Figure 4 shows the mean number of sessions (along with the standard deviation) that occurred before the data revealed any change in performance (i.e., the first nonzero point) during initial acquisition when examining data from the first trial, the first three trials, and all trials. The mean number of sessions was 8.6 (range, 2 to 21 sessions) for the first-trial data, 6.8 (range, 2 to 17 sessions) for the three-trial data, and 4.7 (range, 1 to 14 sessions) for the continuous data. This specific pattern (i.e., a negative relation between the frequency of data collection and the mean number of sessions across the three data methods) was observed for 58% of targets. Moreover, the first-trial data required a greater number of sessions to reveal a change in performance compared to the continuous data for nearly all of the targets (96%), and this difference was somewhat substantial. The instructors had conducted more than twice the number of sessions, on average, before the first-trial data showed any change in responding than before the all-trial data showed any change in responding. These findings indicate that the continuous data were more sensitive to change than the discontinuous data, particularly the first-trial data.

Figure 4.

Figure 4

Mean number of sessions before the first nonzero point when examining the first-trial, three-trial, and all-trial data for the 24 targets. The narrow bars show the standard deviation for each.

Question #3: What Is the Sensitivity of Specific Versus Nonspecific Recording to Changes in the Learner's Performance During Initial Acquisition?

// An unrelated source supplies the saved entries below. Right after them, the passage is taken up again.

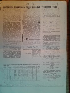 Доброго времени суток!! Вопрос связан с настройкой рессорного подвешивания после ремонта.. Имееться статья журнала "Электрическая и тепловозная тяга" за 1987 год, выпуск № 8.. статья именуется как "Настройка рессорного подвешивания тепловоза ТЭМ 3".. суть в том что этим же способом (описаным в статье) можно настроить подвешивание на любом тепловозе с трехосными бесчелюстными тележками..НО!!!.. Коэффициенты расчета различны для каждого такого тепловоза (2ТЭ116, 2ТЭ10 и т.д.)...так вот вопрос: может кто сталкивался с этим и если у кого какие нароботки??? А если и нет то какие у кого мысли...??? СПАСИБО! (Сама статья на картинке ниже) Требуются коэффициенты расчета b1, b2, b3, b4, b5, b6
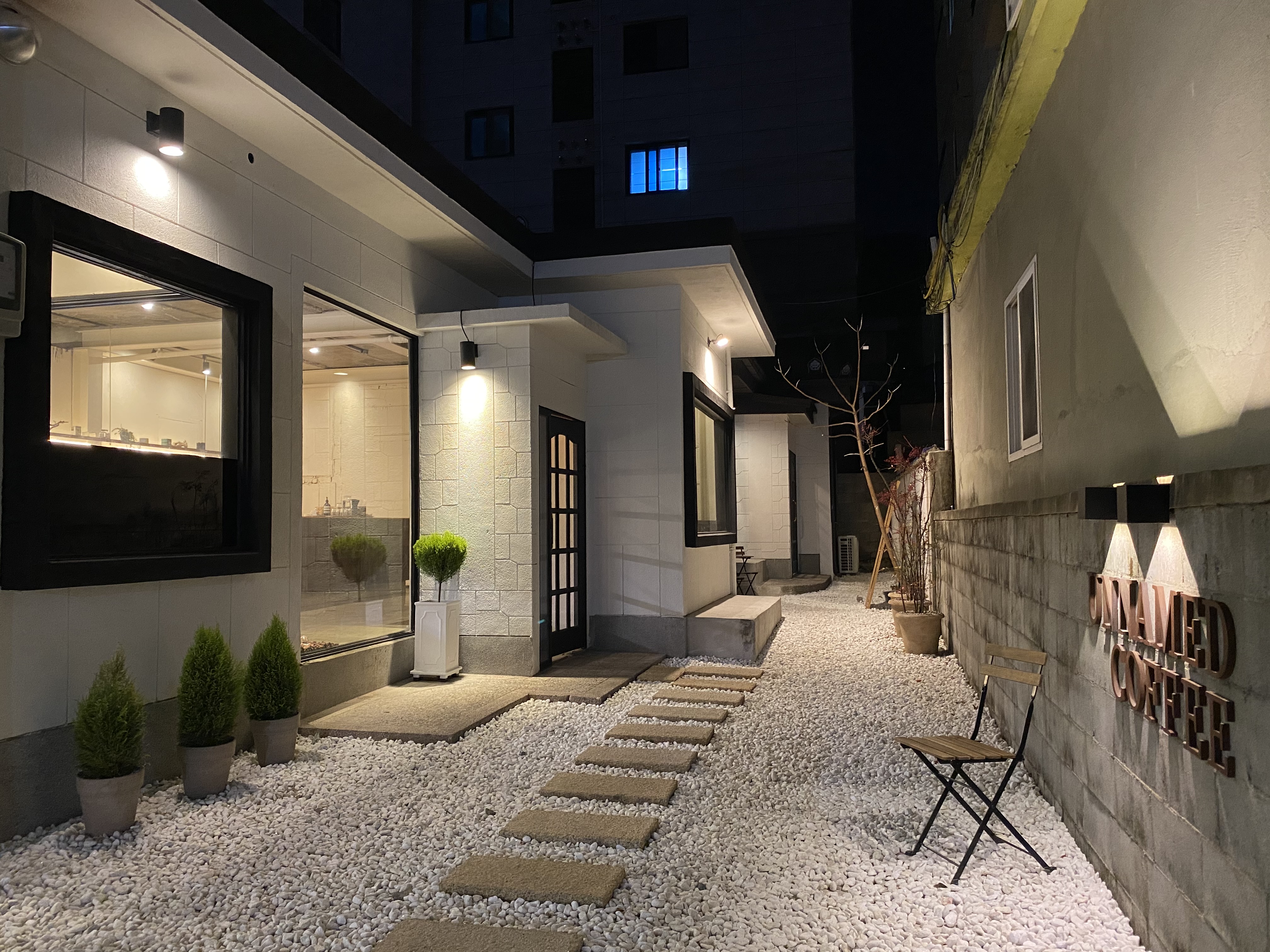 밤에는 어둠과 조명이 더해져 더욱 운치있는 카페로 변했다.
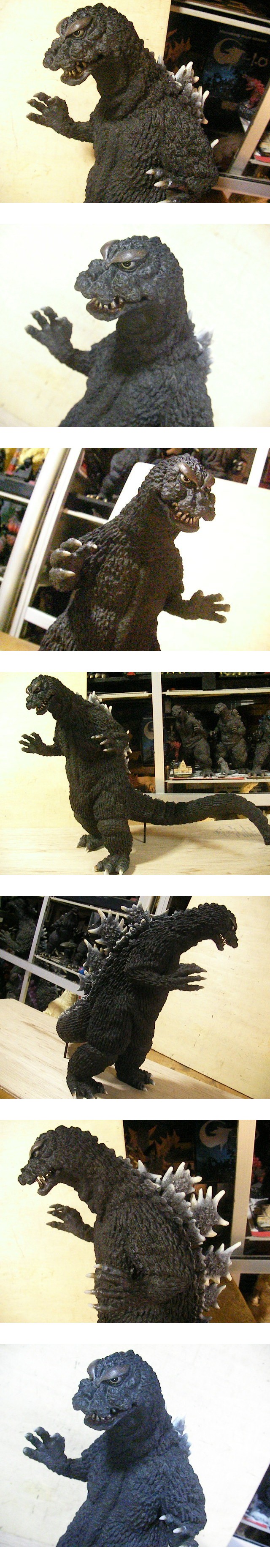 井上雅夫氏原型 ソフビ 頭までの高さ30cm 鼻先から尻尾まで約40cm ゴジラ単体での出品です。国内のガレージキットの存在を一気に世に知らしめた正に第一人者、井上氏の全盛期の作品のひとつ。井上さんと言えばキンゴジ造形が特に有名ですが、このモスゴジも非常に人気が高いキットです。伸びやかなサイドヴューと厳つめの顔が魅力的。ただし絶版品ですので今回は完成ジャンク品を入手して再度作り直しをして完成させました。製作は先ず全体を洗浄後、接着部の殆どをパテ埋めしてつなぎ目は完全に無くしてあります。塗装では劇中に近づけて青黒く見えるよう3段階ほど暗いグレーを分けて塗りました。背ビレはトゲの部分と芯の部分の一部に白系統。手足の爪は根元が汚れた乳白色です。最後に顔周り。口内は設定に寄せて赤黒く、牙は明るめの乳白色です。目の部分は赤黒いアイラインを引いて白目は縁に濁りを入れて中央になるほど明るく塗って三白眼に近い黒目を入れました。実際のモスゴジの目は複雑な構造を持っていますので立体的に見えるよう瞳の位置には気をつけてありますので、横から見ても正面から見ても破綻なく独特のニラミの利いた目になったと思います。30cmサイズのモスゴジを探しているとしたおススメ出来るひとつですのでこのご機会をお見逃しなく!よろしくお願いします。
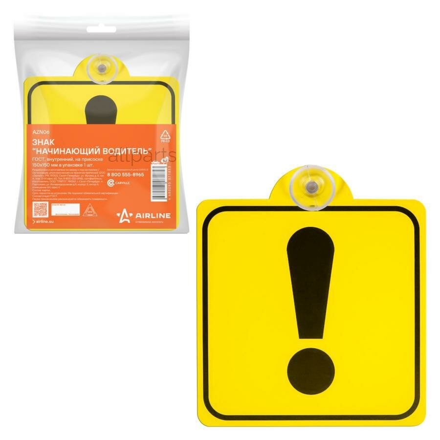 AIRLINE AZN06 знак! 'начинающий водитель', гост, внутренний, на присоске 150х150мм, в уп. 1шт.\ информация:
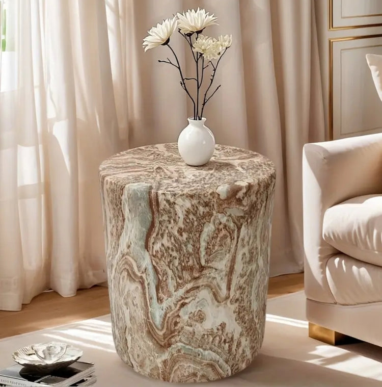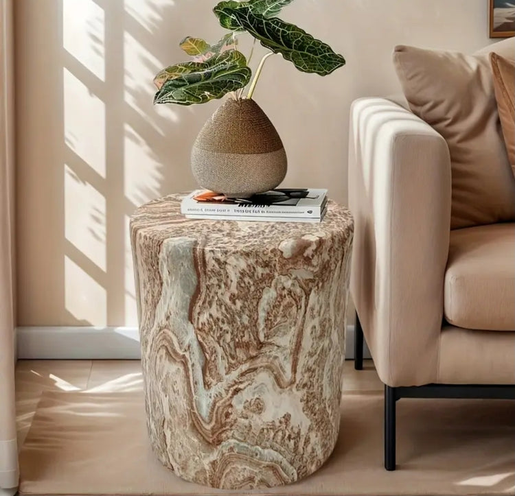 Marble Flow Side Table on tyylikäs marmorikuvioinen pikkupöytä, joka yhdistää minimalistisen muotoilun ja retrohenkisen ilmeen. Kompakti koko tekee siitä monikäyttöisen sisustuselementin olohuoneeseen, makuuhuoneeseen, toimistoon tai vaikka kahvipöydäksi.
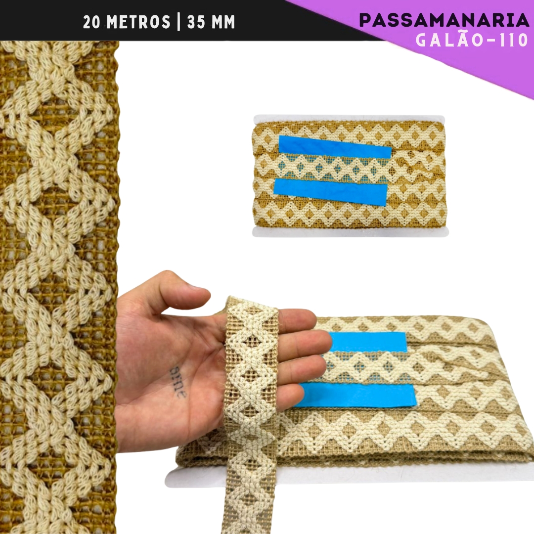 Esta linda Passamanaria com abacamento de Juta, que te permite aplicar em acabamentos de vestuário, decoração, artesanato, caimento para cortinas, lençois, toalhas e forros de mesa. Abuse da sua criatividade para criar peças incríveis com nosso Galão.

For our final question, we wondered if recording the prompt level needed by the learner for trials with incorrect (unprompted) responses would improve the sensitivity of either the continuous, first-trial, or three-trial data. As noted previously, data collection methods that readily identify improvements in performance (or lack thereof) provide instructors with much-needed feedback about the adequacy of their teaching methods. To address this question, we calculated the mean prompt level required for each target in each session by assigning numerical scores for each prompt level based on the number and types of prompts used for the target (e.g., physical prompt = 4; model prompt = 3; partial model prompt = 2; gesture prompt = 1; no prompt = 0). If the therapist did not use a particular prompt level for a target (e.g., model prompts for motor imitation targets; gesture prompts for certain targets), the numerical scores reflected the number and types of prompts that the therapists actually used for that target. We then totaled these scores across all trials and divided this sum by the total number of trials with the target in the session (continuous, specific data). We calculated the mean prompt level required for each target across the first three trials of each session (discontinuous, specific data) by assigning numerical scores for each prompt level, totaling these scores, and dividing this sum by three. Finally, we examined the prompt level needed on the first trial of each session and assigned the appropriate numerical score for our first-trial only data (discontinuous, specific data).

After our data had been prepared as described above, we were interested in answering two questions. First, we were interested in determining if data on prompt levels would enhance the sensitivity of our continuous data. To do so, we calculated the number of sessions that the therapist conducted before the occurrence of the first data point that showed a decrease in the mean prompt level (relative to the first teaching session). This number was compared to the number of sessions that the therapist conducted before the data records for the nonspecific data (i.e., percentage of trials with unprompted responses) revealed the first nonzero point. These nonspecific data records had already been generated to address Questions #1 and #2. Second, we were interested in determining if data on prompt levels would enhance the sensitivity of the discontinuous data. We were specifically interested in the discontinuous data records that showed less sensitivity than the continuous data in our analyses for Question #2. This subset of the discontinuous data was subjected to the same analysis as that just described for the continuous data to determine if the use of specific recording would improve the sensitivity of these data.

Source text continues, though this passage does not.